[MATERIAL PROVIDED]
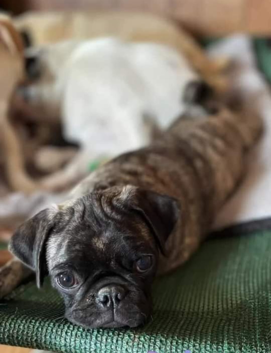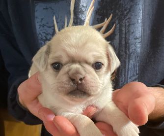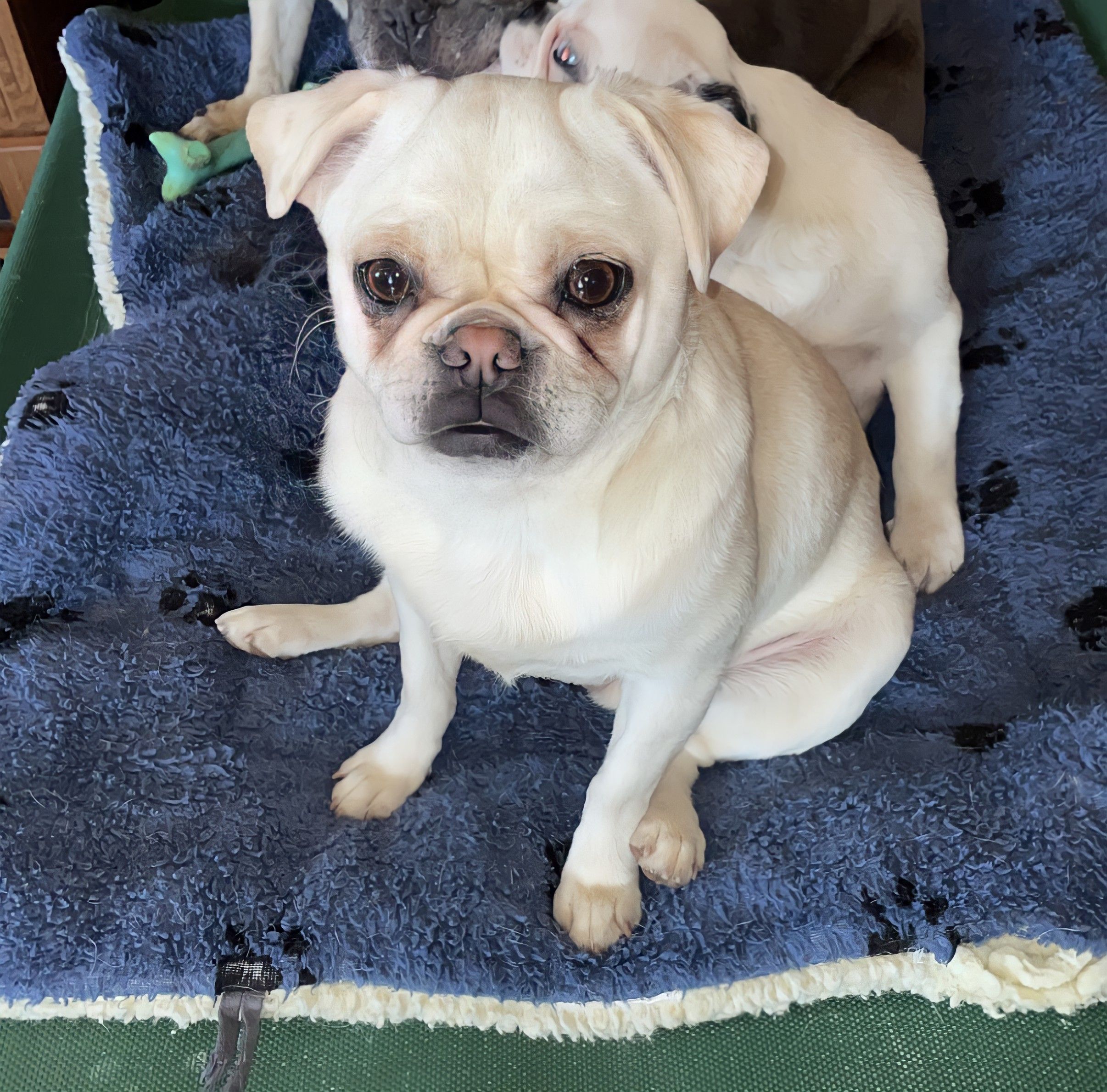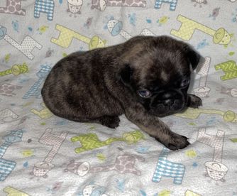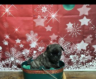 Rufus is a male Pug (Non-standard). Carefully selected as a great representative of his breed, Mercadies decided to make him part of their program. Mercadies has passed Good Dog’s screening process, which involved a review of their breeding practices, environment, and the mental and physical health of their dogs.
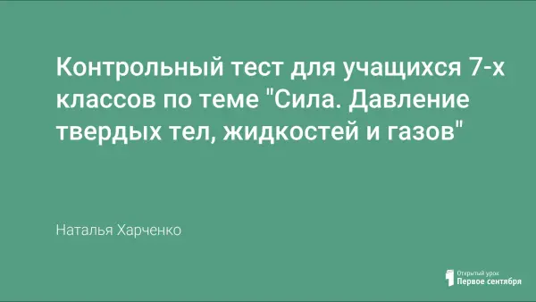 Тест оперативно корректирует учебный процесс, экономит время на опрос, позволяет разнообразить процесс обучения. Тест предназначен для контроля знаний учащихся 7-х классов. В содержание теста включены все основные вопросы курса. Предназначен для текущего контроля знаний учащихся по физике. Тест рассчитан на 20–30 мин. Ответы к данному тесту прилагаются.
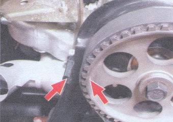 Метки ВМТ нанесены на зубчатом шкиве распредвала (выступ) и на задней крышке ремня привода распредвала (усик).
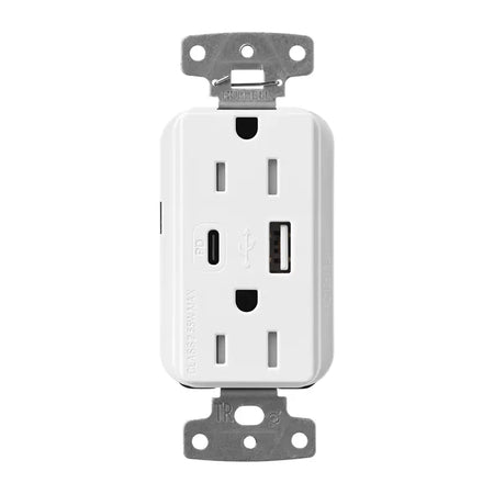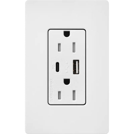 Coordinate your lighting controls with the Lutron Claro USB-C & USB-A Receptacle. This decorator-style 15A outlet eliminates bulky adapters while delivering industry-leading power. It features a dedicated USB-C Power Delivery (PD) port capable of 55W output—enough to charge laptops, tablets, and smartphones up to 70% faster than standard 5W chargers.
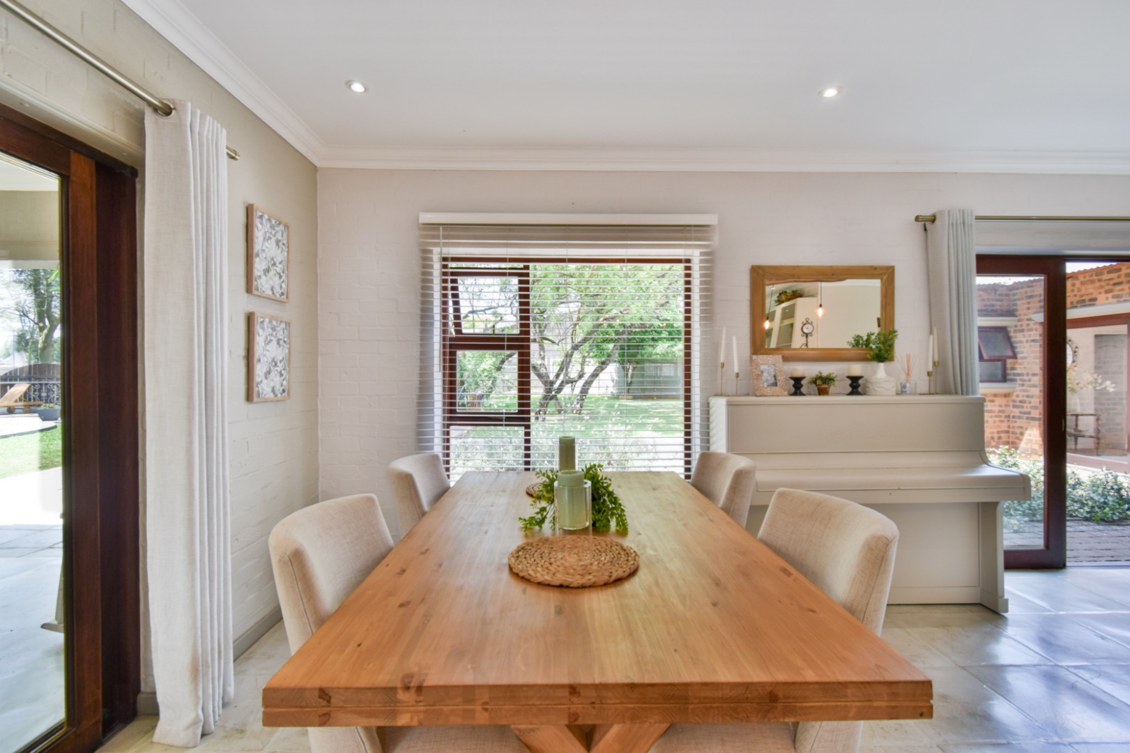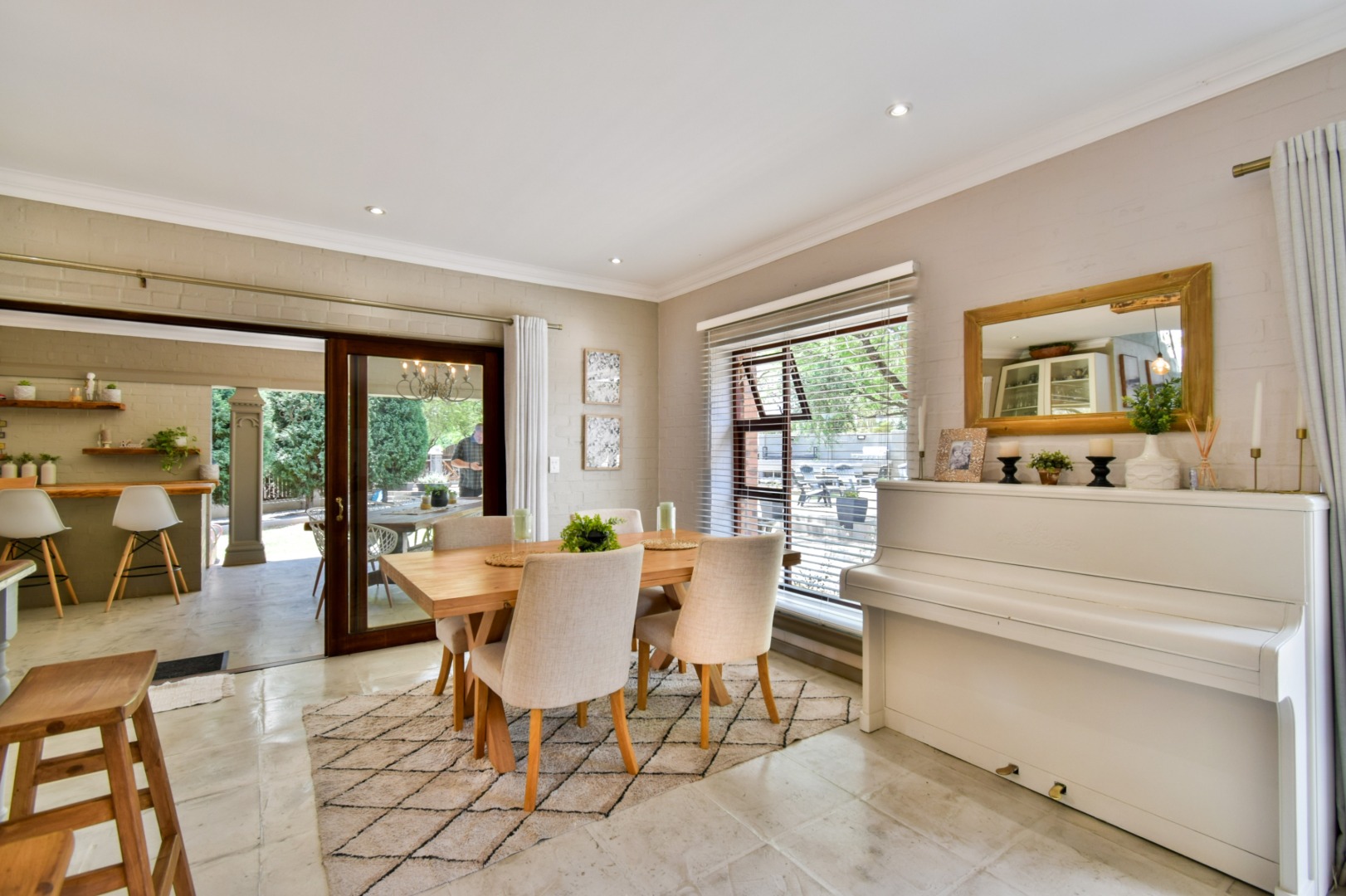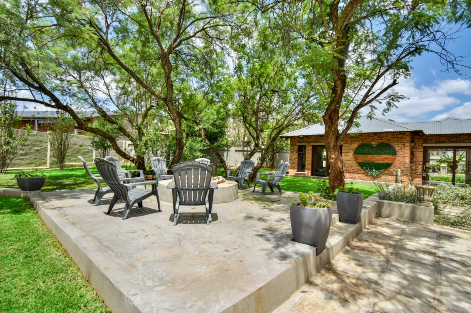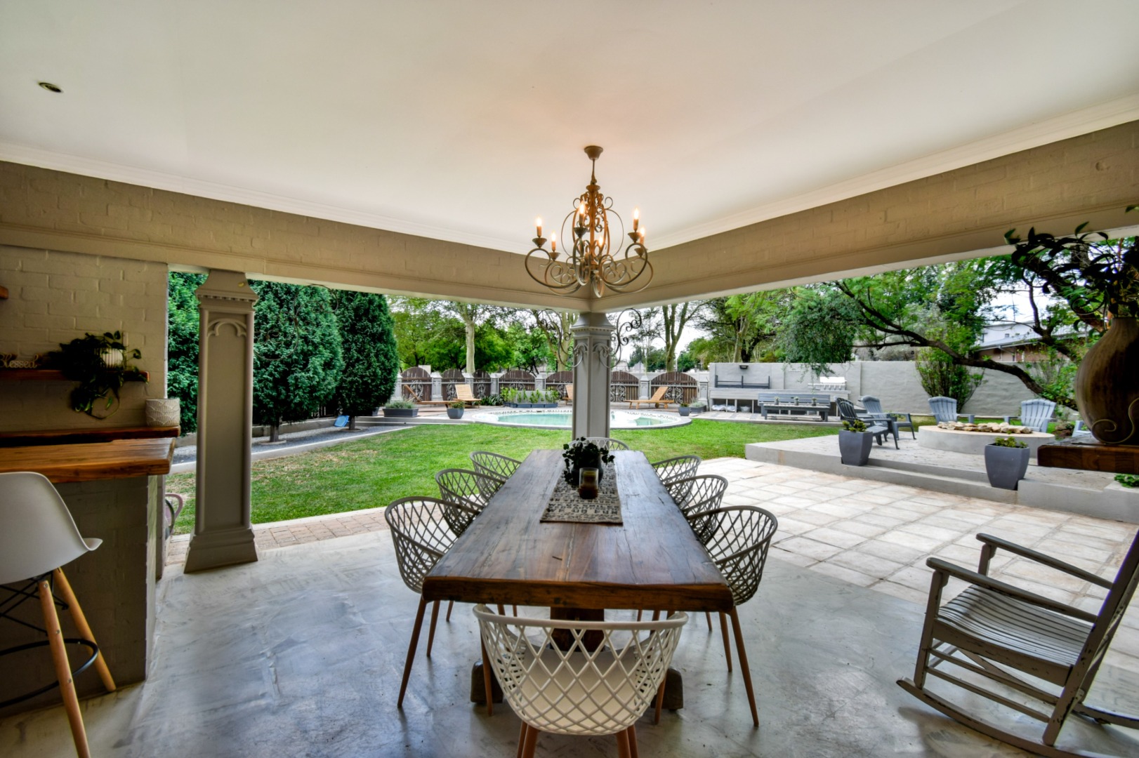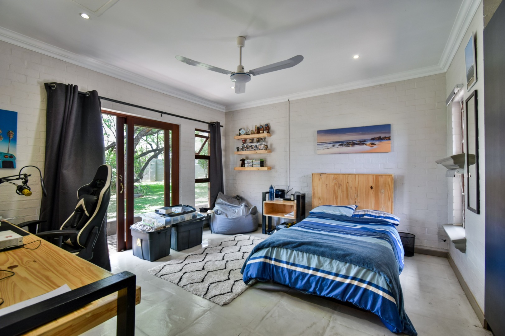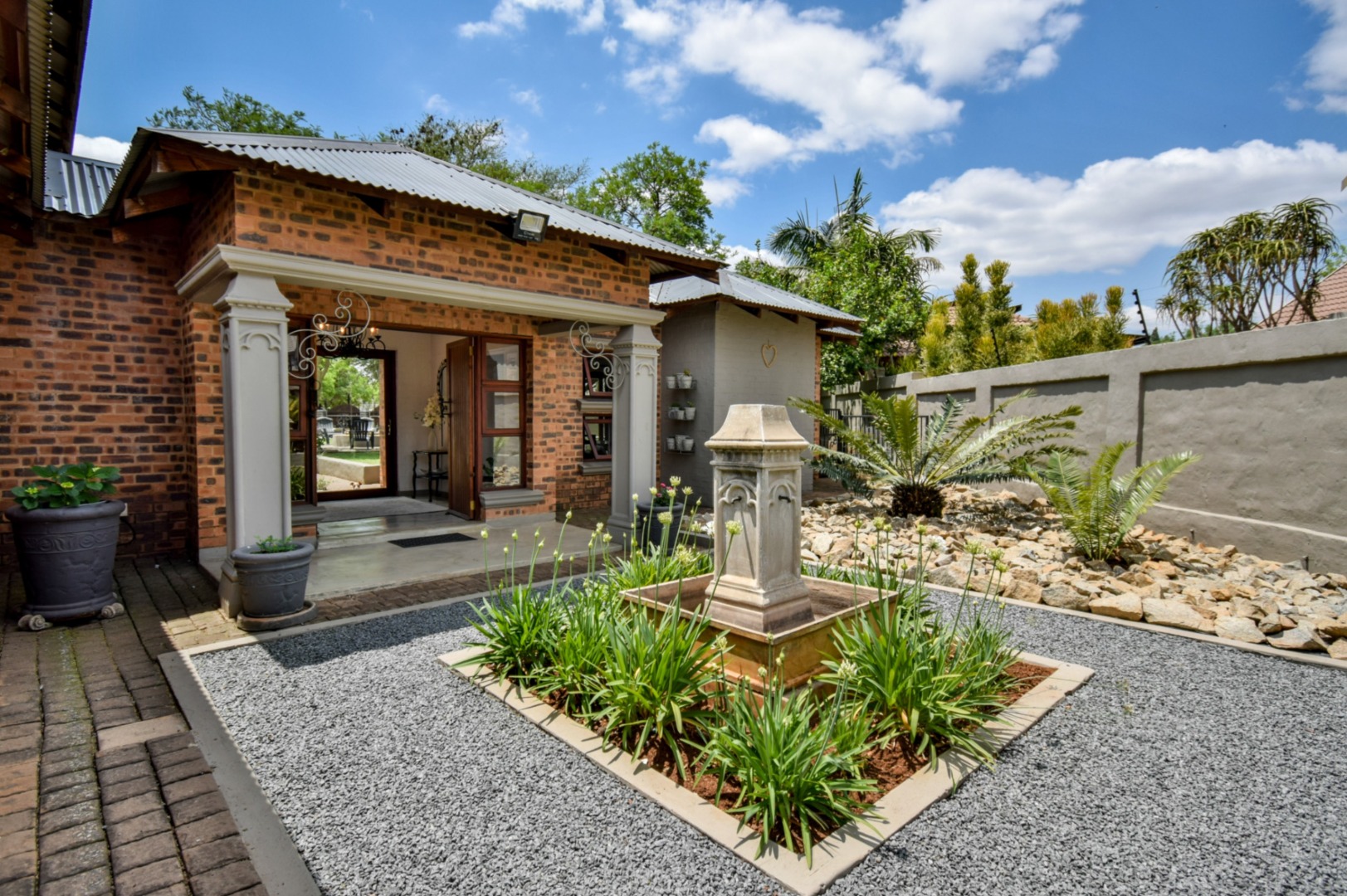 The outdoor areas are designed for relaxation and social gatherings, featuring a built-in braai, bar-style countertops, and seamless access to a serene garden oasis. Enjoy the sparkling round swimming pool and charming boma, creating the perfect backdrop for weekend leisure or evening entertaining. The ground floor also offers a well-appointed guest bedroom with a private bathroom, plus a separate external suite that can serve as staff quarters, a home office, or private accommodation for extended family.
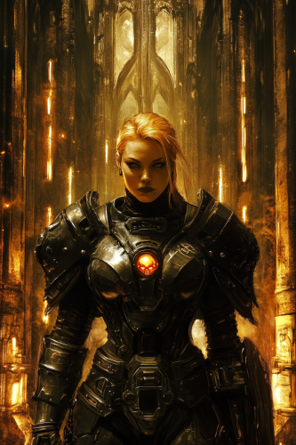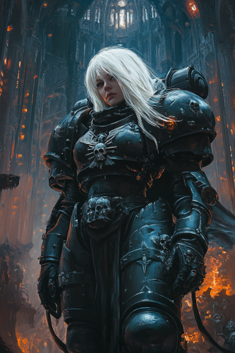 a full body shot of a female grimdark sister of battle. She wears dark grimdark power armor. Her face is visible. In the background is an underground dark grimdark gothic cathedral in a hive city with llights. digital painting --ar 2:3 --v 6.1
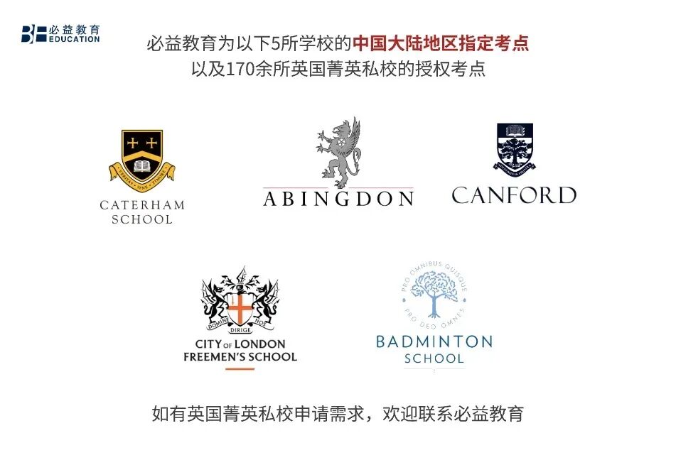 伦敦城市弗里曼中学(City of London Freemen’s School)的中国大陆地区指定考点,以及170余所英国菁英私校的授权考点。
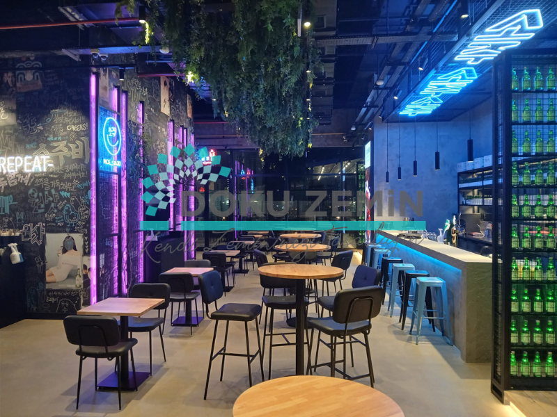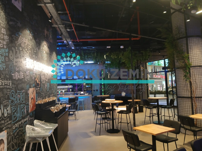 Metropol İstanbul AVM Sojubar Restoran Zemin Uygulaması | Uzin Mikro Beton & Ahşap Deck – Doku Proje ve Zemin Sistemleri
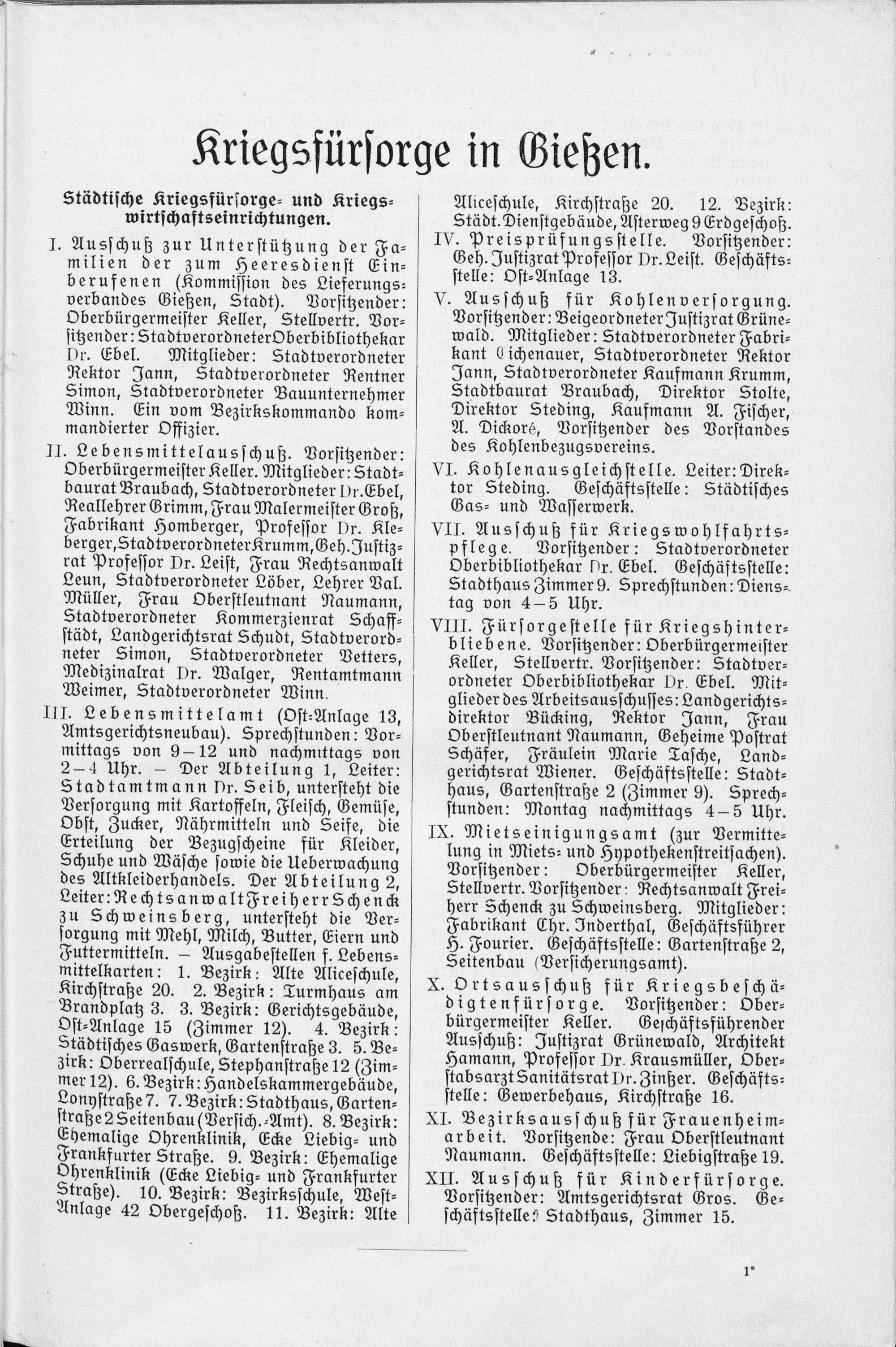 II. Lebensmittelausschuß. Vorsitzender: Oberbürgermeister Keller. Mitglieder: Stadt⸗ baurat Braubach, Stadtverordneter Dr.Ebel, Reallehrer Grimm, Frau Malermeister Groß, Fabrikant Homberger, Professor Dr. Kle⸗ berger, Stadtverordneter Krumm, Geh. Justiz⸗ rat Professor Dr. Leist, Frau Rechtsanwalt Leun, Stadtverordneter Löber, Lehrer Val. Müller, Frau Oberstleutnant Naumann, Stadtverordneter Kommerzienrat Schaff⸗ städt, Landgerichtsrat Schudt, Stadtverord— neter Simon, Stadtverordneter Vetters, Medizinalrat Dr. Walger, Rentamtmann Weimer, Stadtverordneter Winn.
[/MATERIAL PROVIDED]
- **WORK TO COMPLETE**: Output the records above exactly as written, but leave out the pictures.

- **OUTPUT OF THE TASK**:
 Rufus is a male Pug (Non-standard). Carefully selected as a great representative of his breed, Mercadies decided to make him part of their program. Mercadies has passed Good Dog’s screening process, which involved a review of their breeding practices, environment, and the mental and physical health of their dogs.
 Тест оперативно корректирует учебный процесс, экономит время на опрос, позволяет разнообразить процесс обучения. Тест предназначен для контроля знаний учащихся 7-х классов. В содержание теста включены все основные вопросы курса. Предназначен для текущего контроля знаний учащихся по физике. Тест рассчитан на 20–30 мин. Ответы к данному тесту прилагаются.
 Метки ВМТ нанесены на зубчатом шкиве распредвала (выступ) и на задней крышке ремня привода распредвала (усик).
 Coordinate your lighting controls with the Lutron Claro USB-C & USB-A Receptacle. This decorator-style 15A outlet eliminates bulky adapters while delivering industry-leading power. It features a dedicated USB-C Power Delivery (PD) port capable of 55W output—enough to charge laptops, tablets, and smartphones up to 70% faster than standard 5W chargers.
 The outdoor areas are designed for relaxation and social gatherings, featuring a built-in braai, bar-style countertops, and seamless access to a serene garden oasis. Enjoy the sparkling round swimming pool and charming boma, creating the perfect backdrop for weekend leisure or evening entertaining. The ground floor also offers a well-appointed guest bedroom with a private bathroom, plus a separate external suite that can serve as staff quarters, a home office, or private accommodation for extended family.
 a full body shot of a female grimdark sister of battle. She wears dark grimdark power armor. Her face is visible. In the background is an underground dark grimdark gothic cathedral in a hive city with llights. digital painting --ar 2:3 --v 6.1
 伦敦城市弗里曼中学(City of London Freemen’s School)的中国大陆地区指定考点,以及170余所英国菁英私校的授权考点。
 Metropol İstanbul AVM Sojubar Restoran Zemin Uygulaması | Uzin Mikro Beton & Ahşap Deck – Doku Proje ve Zemin Sistemleri
 II. Lebensmittelausschuß. Vorsitzender: Oberbürgermeister Keller. Mitglieder: Stadt⸗ baurat Braubach, Stadtverordneter Dr.Ebel, Reallehrer Grimm, Frau Malermeister Groß, Fabrikant Homberger, Professor Dr. Kle⸗ berger, Stadtverordneter Krumm, Geh. Justiz⸗ rat Professor Dr. Leist, Frau Rechtsanwalt Leun, Stadtverordneter Löber, Lehrer Val. Müller, Frau Oberstleutnant Naumann, Stadtverordneter Kommerzienrat Schaff⸗ städt, Landgerichtsrat Schudt, Stadtverord— neter Simon, Stadtverordneter Vetters, Medizinalrat Dr. Walger, Rentamtmann Weimer, Stadtverordneter Winn.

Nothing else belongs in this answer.